The Wealth of Ideas

Why ideas and not capital changed the world.

We’re rich. Even the very poor in Britain are astoundingly rich by historical standards, some three thousand percent better off in food and housing and clothing and healthcare than the British poor two centuries ago. Economic historians can tell you.

Yes, I agree: the poor, even if much better off, are still poor by our elevated standards, and you and I want to raise them up. But schemes of redistribution, or the impossible goals of equality (What? Equality of height? Equality of intelligence? Of fast-twitch muscles?), don’t do it. The Liberal Lady Glencora Palliser (née M’Cluskie) in Anthony Trollope’s political novel Phineas Finn declares, “Making men and women all equal. That I take to be the gist of our political theory,” as against the Conservative delight in rank and privilege. But Joshua Monk, one of the novel’s radicals in the Cobden-Bright-Mill mould, sees the ethical point more clearly, and replies to her: “Equality is an ugly word, and frightens.” The motive of the true Liberal, Monk continues, should not be equality but “the wish of every honest [that is, honorable] man . . . to assist in lifting up those below him.”

How?
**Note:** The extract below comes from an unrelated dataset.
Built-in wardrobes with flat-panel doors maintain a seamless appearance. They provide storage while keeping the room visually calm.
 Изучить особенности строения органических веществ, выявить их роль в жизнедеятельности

Not by Oxfam calculations of billionaires expropriated to lift up the poor. True, Liliane Bettencourt, the richest woman in the world, the heiress to the L’Oréal fortune, is a jerk to own six yachts and a bunch of chateaux, and to give a mere one half of one percent of her wealth to her so-called charitable foundation. But it turns out that righteous anger, and not so righteous envy, grabbing the wealth of the rich and doling it out, would not much help the poor of the world. One or two percent. One year. Do the arithmetic.

What really raises up the poor, and will keep doing so as places like China and India adopt liberal economics, was and is the Great Enrichment, 1800 to the present, that three thousand percent. It was a factor on average of thirty: ten times better food, thirty times better healthcare, a hundred times better lighting.
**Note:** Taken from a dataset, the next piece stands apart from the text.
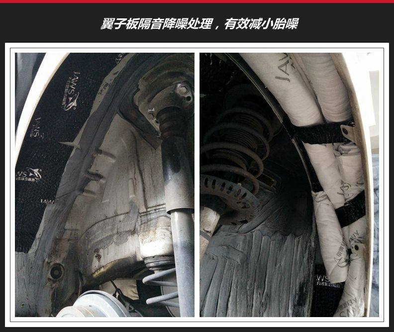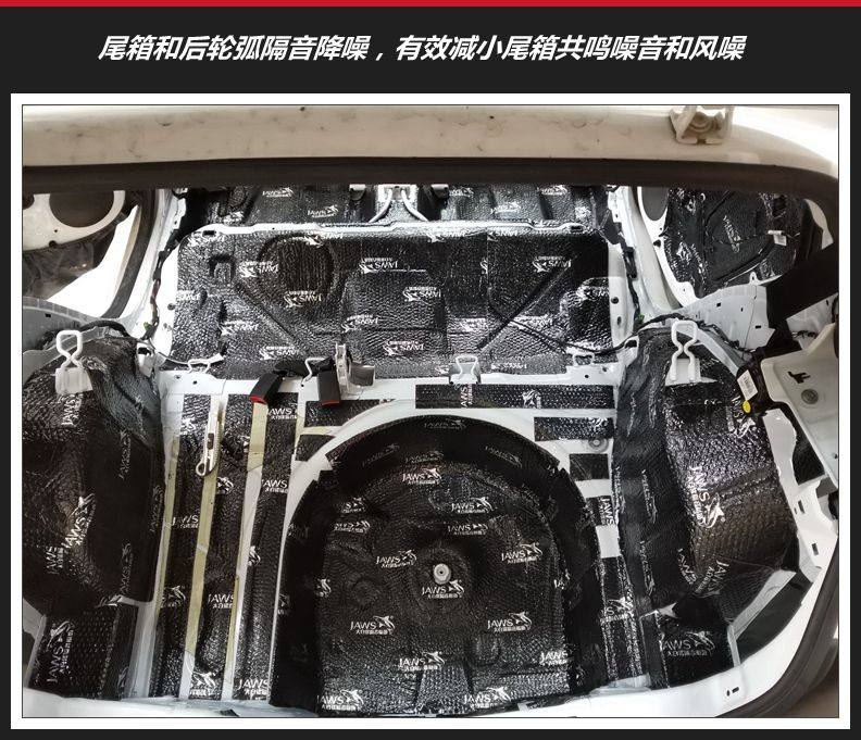 尾箱和后轮弧隔音降噪处理,来自尾箱的共鸣噪音、胎噪、避震器传递的共振噪音都得到削减。

Why, then? The usual explanations follow ideology. On the left, from Marx onward, the key is said to be exploitation. Capitalists after 1800 seized surplus value from the workers and invested it in dark, satanic mills. On the right, from the blessed Adam Smith onward, the trick was saving. The wild Highlanders could become as rich as the Dutch – “the highest degree of opulence,” as Smith put it in 1776 – if they would merely save enough to accumulate capital, and stop stealing cattle from one another.

But both of these arguments are wrong. What enriched the modern world was not capital stolen from workers or virtuously saved, nor was it institutions for routinely accumulating it, and it was certainly not government or unions redistributing capital’s income by compulsion. Capital and the rule of law were necessary, of course. But so was a labour force and liquid water and the arrow of time.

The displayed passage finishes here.